Dataset entries:
# # # # #

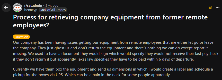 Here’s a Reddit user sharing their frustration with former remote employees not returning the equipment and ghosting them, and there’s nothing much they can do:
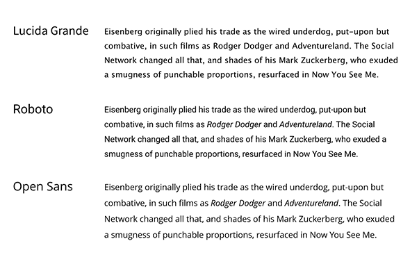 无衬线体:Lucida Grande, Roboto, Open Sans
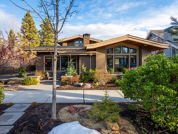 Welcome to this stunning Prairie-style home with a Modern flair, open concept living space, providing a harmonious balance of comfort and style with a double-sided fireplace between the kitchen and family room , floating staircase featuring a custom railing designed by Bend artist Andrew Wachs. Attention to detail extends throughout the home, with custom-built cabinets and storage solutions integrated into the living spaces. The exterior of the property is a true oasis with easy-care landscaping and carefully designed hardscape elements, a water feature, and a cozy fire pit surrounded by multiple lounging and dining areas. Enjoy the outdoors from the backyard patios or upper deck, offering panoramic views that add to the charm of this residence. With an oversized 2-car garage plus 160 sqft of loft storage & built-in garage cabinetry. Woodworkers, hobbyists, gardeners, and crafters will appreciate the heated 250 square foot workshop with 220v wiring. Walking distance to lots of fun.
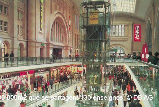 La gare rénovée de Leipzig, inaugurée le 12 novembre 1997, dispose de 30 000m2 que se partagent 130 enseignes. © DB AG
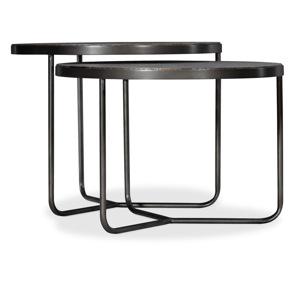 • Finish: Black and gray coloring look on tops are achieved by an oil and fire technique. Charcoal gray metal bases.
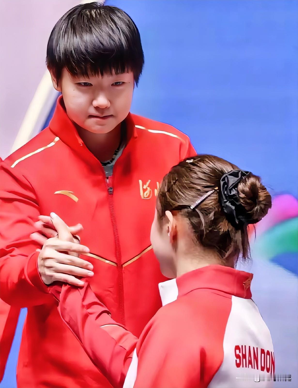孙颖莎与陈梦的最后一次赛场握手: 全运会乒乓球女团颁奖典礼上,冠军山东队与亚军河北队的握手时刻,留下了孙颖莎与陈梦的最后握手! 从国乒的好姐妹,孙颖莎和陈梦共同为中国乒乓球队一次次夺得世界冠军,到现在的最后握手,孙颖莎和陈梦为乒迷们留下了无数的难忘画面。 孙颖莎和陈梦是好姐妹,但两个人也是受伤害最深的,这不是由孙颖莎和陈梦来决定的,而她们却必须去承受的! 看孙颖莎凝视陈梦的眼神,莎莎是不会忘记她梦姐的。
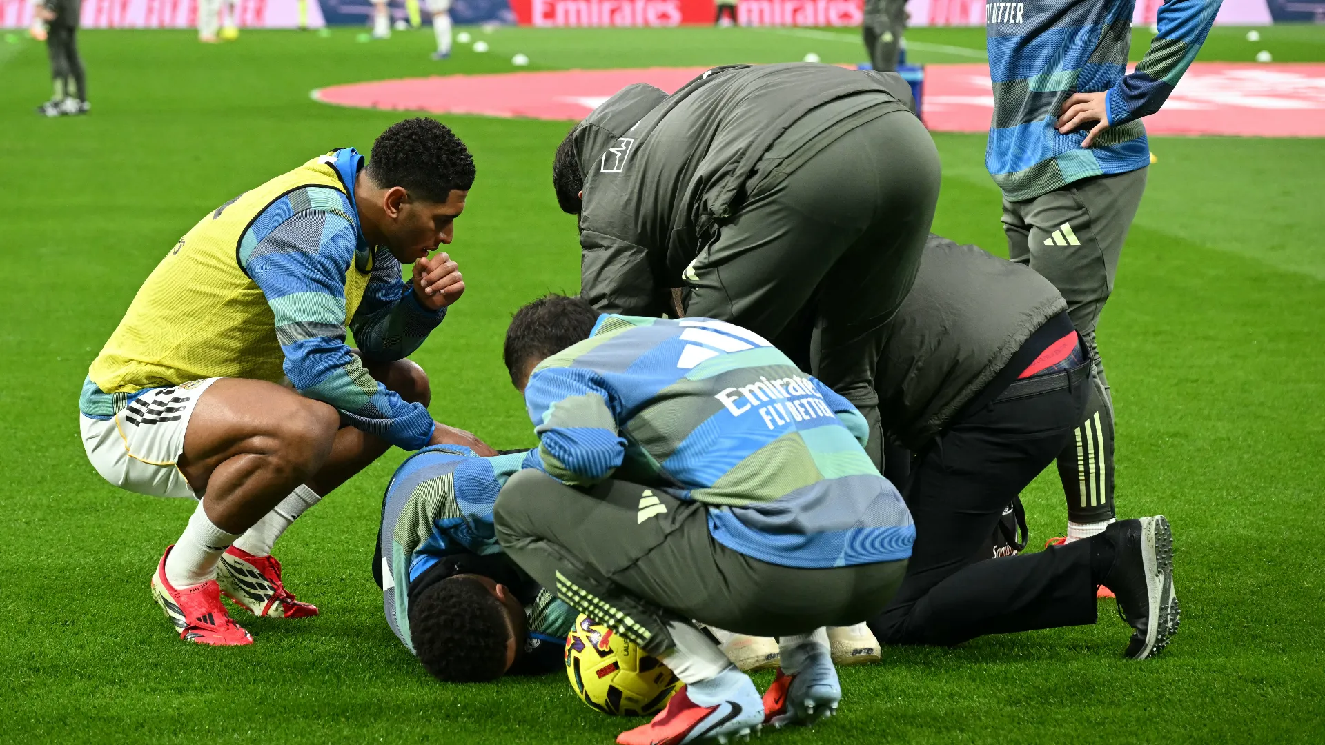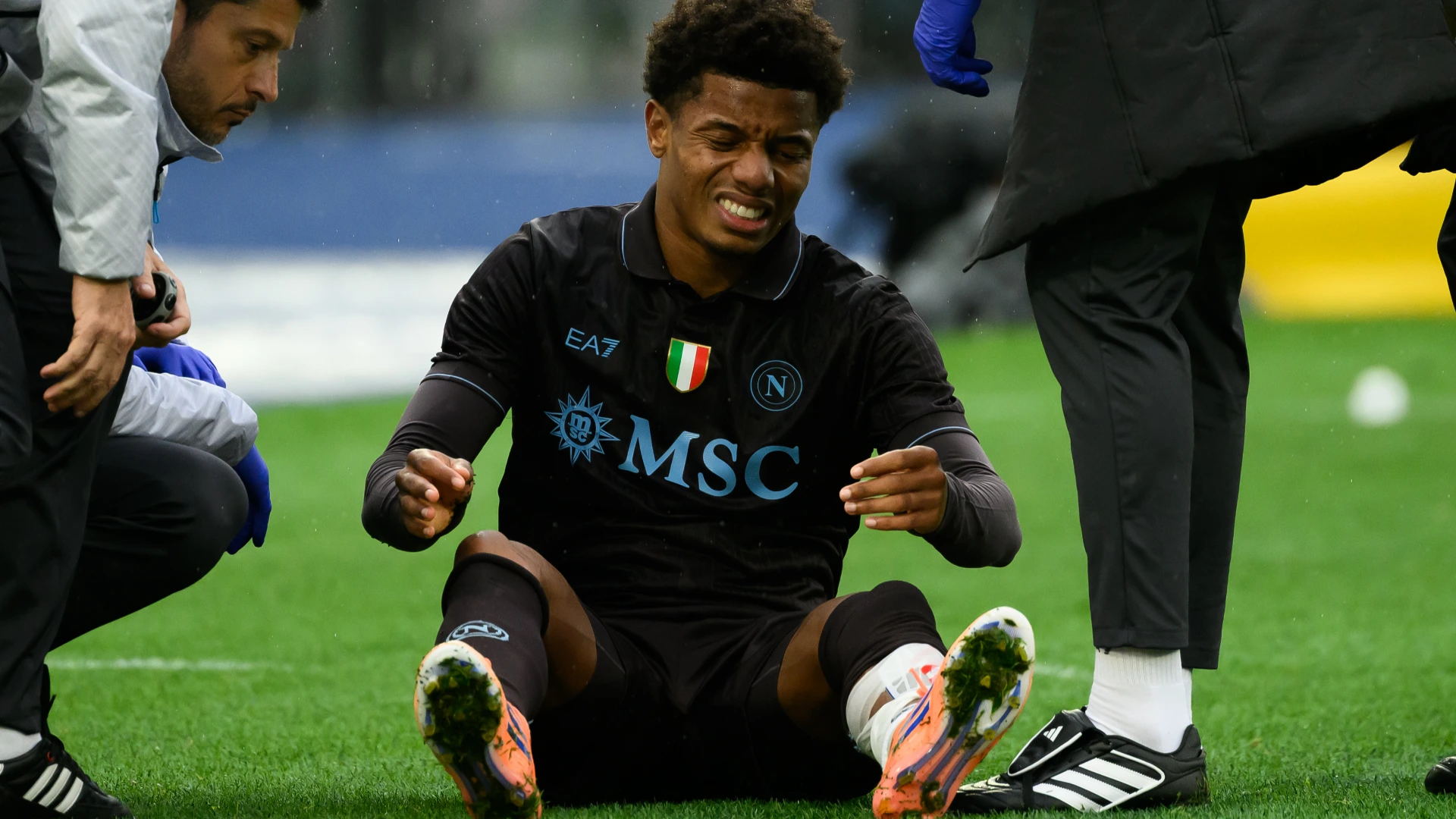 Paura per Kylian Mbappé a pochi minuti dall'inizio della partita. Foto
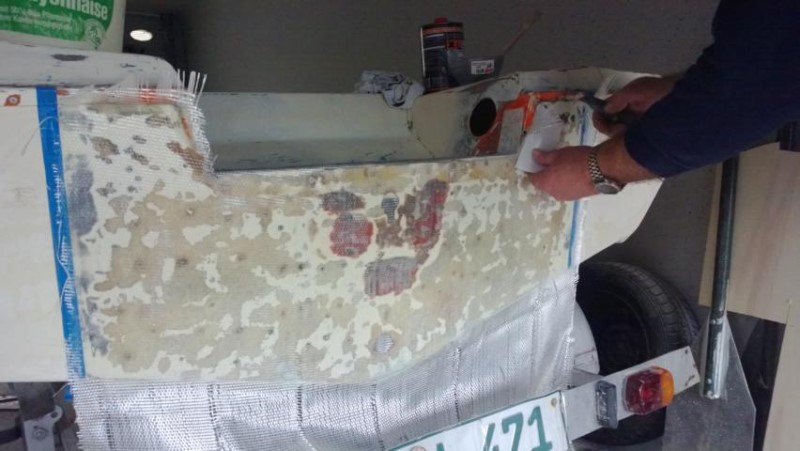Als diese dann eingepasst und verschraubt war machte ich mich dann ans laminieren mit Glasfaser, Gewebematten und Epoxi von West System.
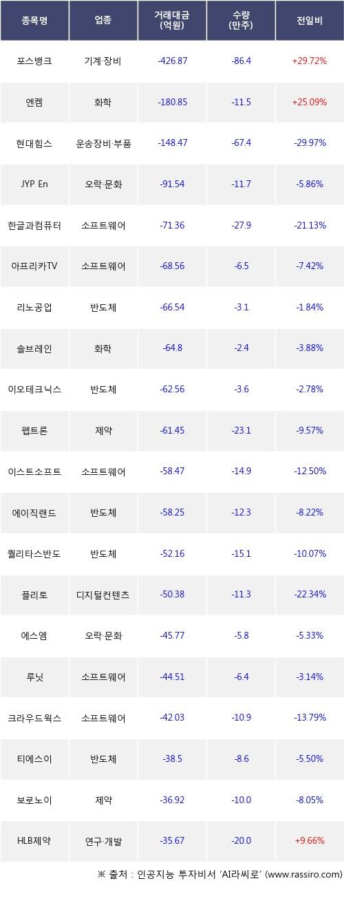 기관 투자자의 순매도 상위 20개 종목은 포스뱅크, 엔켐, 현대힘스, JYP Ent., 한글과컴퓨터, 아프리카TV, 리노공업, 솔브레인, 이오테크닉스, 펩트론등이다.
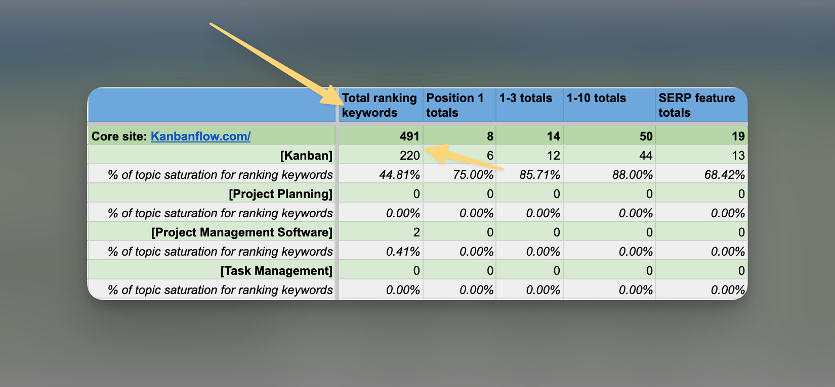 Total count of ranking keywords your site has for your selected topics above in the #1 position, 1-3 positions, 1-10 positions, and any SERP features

# # # # #

### WHAT YOU ARE ASKED TO DO
From the line containing "Paura per Kylian" through the last line of the records, both included, output those lines exactly and nothing else; skip the pictures.

### TASK RESPONSE
 Paura per Kylian Mbappé a pochi minuti dall'inizio della partita. Foto
Als diese dann eingepasst und verschraubt war machte ich mich dann ans laminieren mit Glasfaser, Gewebematten und Epoxi von West System.
 기관 투자자의 순매도 상위 20개 종목은 포스뱅크, 엔켐, 현대힘스, JYP Ent., 한글과컴퓨터, 아프리카TV, 리노공업, 솔브레인, 이오테크닉스, 펩트론등이다.
 Total count of ranking keywords your site has for your selected topics above in the #1 position, 1-3 positions, 1-10 positions, and any SERP features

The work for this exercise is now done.